Ying-Hua Chu1, Yifan Yuan2, Yi-Cheng Hsu1, Shuhao Mei2, Wenwen Yu3, He Wang3, and Qi Yue2
1MR Research Collaboration Team, Siemens Healthineers Ltd., Shanghai, China, 2Huashan Hospital, Fudan University, Shanghai, China, 3Institute of Science and Technology for Brain-Inspired Intelligence, Fudan University, Shanghai, China
Synopsis
Keywords: Microstructure, Microstructure
Motivation: Precisely locating tumor regions is challenging for effective surgery and radiotherapy.
Goal(s): Enhance tumorous area identification accuracy.
Approach: We integrated SANDI to model both stick and spherical cell types, estimating their densities. We introduced a metric quantifying spherical cell ratio relative to total cell volume for characterizing elevated tumor cell density.

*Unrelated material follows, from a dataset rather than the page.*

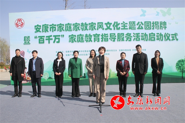 本網(wǎng)訊(記者 張喬)3月3日,由市婦聯(lián)、市紀(jì)委監(jiān)委、市關(guān)工委、市創(chuàng)文辦、市教體局、共青團(tuán)安康市委舉辦的家庭家教家風(fēng)文化主題公園揭牌暨“百千萬”家庭教育指導(dǎo)服務(wù)活動(dòng)啟動(dòng)儀式在江灘公園舉行,市人大常委會(huì)副主任楊首艷出席并宣布活動(dòng)啟動(dòng)。

Results: Our model effectively characterizes microstructural variations in brain tumor areas. The newly proposed cell number density ratio parameter provides a distinctive marker, highlighting high cell density within tumors. This approach holds promise for improving tumor localization, treatment planning, and patient outcomes.

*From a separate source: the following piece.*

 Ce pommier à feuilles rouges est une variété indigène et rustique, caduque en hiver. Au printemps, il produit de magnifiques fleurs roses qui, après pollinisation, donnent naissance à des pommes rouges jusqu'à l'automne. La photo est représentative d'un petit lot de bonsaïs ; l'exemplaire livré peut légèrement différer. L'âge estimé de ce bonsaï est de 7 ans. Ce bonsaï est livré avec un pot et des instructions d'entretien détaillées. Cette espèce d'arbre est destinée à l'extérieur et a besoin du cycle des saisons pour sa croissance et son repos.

Impact: Brain tumor microstructure characterization using SANDI
showed microstructure changes in tumors and edema. The introduced metric,
sensitive to tumor changes, holds promise for early invasion detection,
enhancing diagnostic precision.
Introduction
Accurate delineation of tumorous regions is crucial for the
surgical and radiotherapy treatment of glioma patients. Conventional T1 and T2
weighted structural imaging often falls short in accurately differentiating
tumorous areas. Diffusion imaging offers a noninvasive means of in-vivo water
diffusion measurement within tissue. While the apparent diffusion coefficient
(ADC) is sensitive to various microstructural factors1, it lacks the
ability to pinpoint the specific causes of decreased diffusivity, making it
inadequate for assessing tumor cell density2. Oscillating gradient
diffusion methods and neurite orientation dispersion and density imaging
(NODDI)3 have shown promise in characterizing high-grade tumors4,5
but are less effective when both tumor cells and neurites are presented in
tissues. To address these limitations, we implement cell body and neurite
density imaging (SANDI)6, which incorporates spherical cells and
neurite density. This study aims to employ SANDI to characterize the
microstructure in glioma patients and introduce a novel metric to reflect the
relative cell number density between cell bodies and total cell volume.
Preliminary results show that this new metric distinguishes elevated cell
density in tumor regions.Method
We
imaged one healthy volunteer and one glioma patient using a 3T Connectom
scanner (Siemens, Erlangen, Germany) with the following imaging parameters:
TE/TR=49/3000ms, voxel size=2x2x2mm3, matrix size=96x96x96, d/D = 11/20ms, GRAPPA=2, 30 slices,
b=0/500/1000/2000/3000/4000/6000 s/mm2 with 40 directions. Diffusion
imaging processing procedures were followed as described elsewhere7.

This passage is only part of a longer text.